◆ **Dataset content**:
=== Section Start ===
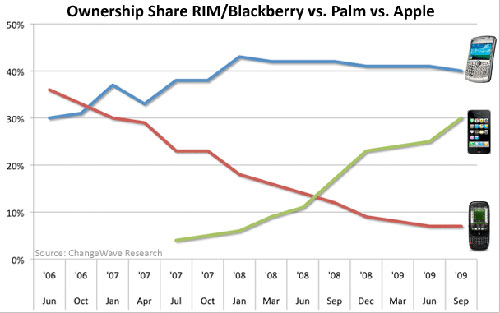 ChangeWave Research今年9月對(duì)4255名美國(guó)用戶進(jìn)行的調(diào)查顯示,其中39%擁有智能手機(jī),高于7月的37%,較去年同期幾乎翻番。雖然RIM黑莓仍然占據(jù)榜首,但是其市場(chǎng)份額增長(zhǎng)已經(jīng)開始停滯,目前約為40%,與去年同期基本持平,而iPhone則保持了快速上升勢(shì)頭,由去年同期的不足20%,增長(zhǎng)到現(xiàn)在的30%。
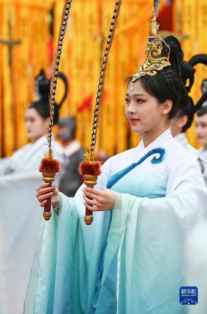 4月5日,演員在公祭軒轅黃帝典禮上表演黃帝祭典樂(lè )舞告祭。
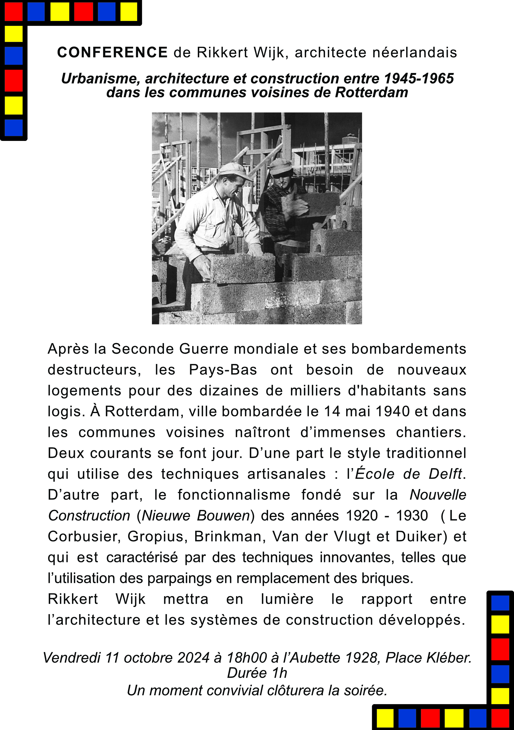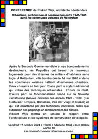 Après la Seconde Guerre mondiale et ses bombardements destructeurs, les Pays-Bas ont besoin de nouveaux logements pour des dizaines de milliers d’habitants sans logis. Dans les communes voisines de Rotterdam, d’immenses chantiers naîtront faits de constructions fonctionnelles aux techniques innovatrices. Dans cette conférence, Rikkert Wijk évoquera l’École de Delft et la Nouvelle Construction (Het Nieuwe Bouwen) et mettra en lumière le rapport entre l’architecture et les systèmes de construction développés.
=== Section End ===
Exactly as written, give again every line from the one containing "4月5日,演員在公祭軒轅黃帝典禮上表演黃帝祭典樂(lè )舞告祭。" through the last line of the material, both included, with the pictures left out.

 4月5日,演員在公祭軒轅黃帝典禮上表演黃帝祭典樂(lè )舞告祭。
 Après la Seconde Guerre mondiale et ses bombardements destructeurs, les Pays-Bas ont besoin de nouveaux logements pour des dizaines de milliers d’habitants sans logis. Dans les communes voisines de Rotterdam, d’immenses chantiers naîtront faits de constructions fonctionnelles aux techniques innovatrices. Dans cette conférence, Rikkert Wijk évoquera l’École de Delft et la Nouvelle Construction (Het Nieuwe Bouwen) et mettra en lumière le rapport entre l’architecture et les systèmes de construction développés.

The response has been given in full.